Type 1 Diabetes Reversed in Gene-engineered Mice
Reuters Health

Thursday, May 30, 2002


NEW YORK (Reuters Health) - By boosting the production of a protein related to insulin, researchers in Spain have reversed type 1 diabetes in mice.

The study was carried out in genetically engineered mice, so it is uncertain whether the treatment will work in normal mice, much less in people. But the success does suggest that it might be possible to develop a gene therapy to treat type 1 diabetes, according to the study's authors.

Type 1 diabetes is sometimes called juvenile diabetes because it usually strikes at a younger age than the more common type 2 diabetes. In type 1 diabetes, the immune system launches a misguided attack against pancreatic cells called beta cells, which produce insulin. This leads to low or nonexistent levels of the sugar-regulating hormone. People with this type of diabetes must take daily insulin injections to survive.

To recover from type 1 diabetes, the body needs to have its supply of beta cells replenished. One experimental approach is to transplant islets, which are clusters of cells in the pancreas that contain beta cells. Unfortunately, the scarcity of donors and the risk that the immune system will destroy the transplanted cells limit this option.

A team at the Universitat Autonoma de Barcelona led by Dr. Fatima Bosch has developed a type of gene therapy that restores islets without a transplant of the cells.

Based on evidence that a substance called insulin-like growth factor-I (IGF-I) promotes the growth and development of pancreatic tissue, the researchers genetically engineered two strains of mice to overexpress the gene for IGF-I in beta cells. They then gave the mice multiple doses of a drug that triggers type 1 diabetes.

Not surprisingly, beta cells were destroyed and type 1 diabetes developed in both strains of genetically engineered mice. Eventually, however, the genetically engineered mice recovered, with the time varying depending on the strain of mice, according to a report in the May issue of The Journal of Clinical Investigation. Blood sugar levels, which initially rose, returned to normal, and the mice experienced a rebound in beta cells.

In contrast, a group of normal mice that had been exposed to the drug all developed diabetes and died.

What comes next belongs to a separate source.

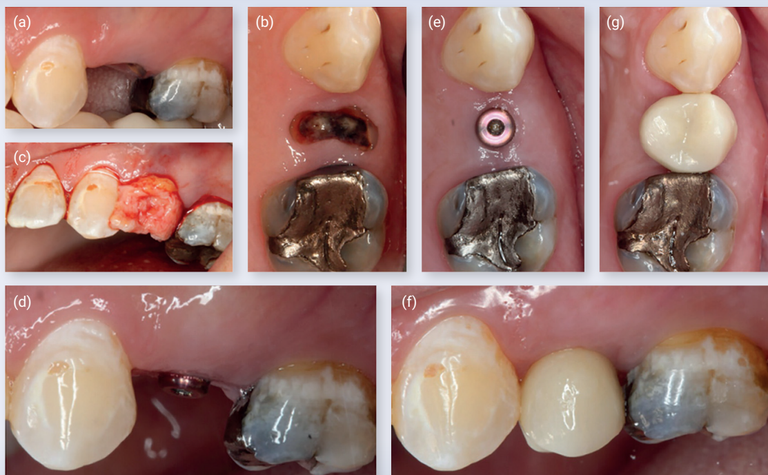
Figure: Immediate implant with subepithelial connective-tissue graft group (SCTG group)

Note: (a) pre-surgical clinical photograph, buccal view; (b) pre-surgical clinical photograph, occlusal view; (c) placement of a subepithelial connective-tissue graft; (d) six-month clinical photograph, buccal view; (e) six-month clinical photograph, occlusal view; (f) 12-month clinical photograph, buccal view; (g) 12-month clinical photograph, occlusal view.

Although most people are not diagnosed with type 1 diabetes until after symptoms--and the destruction of beta cells--are well under way, the study suggests that it might be possible to counteract the destruction of the insulin-producing cells by getting the pancreas to express factors, such as IGF-I, that encourage the growth of beta cells, according to the researchers.

"Our study suggests that IGF-I might be considered a candidate gene to be transferred to pancreatic islets as a new gene therapy approach for type 1 diabetes," Bosch's team concludes.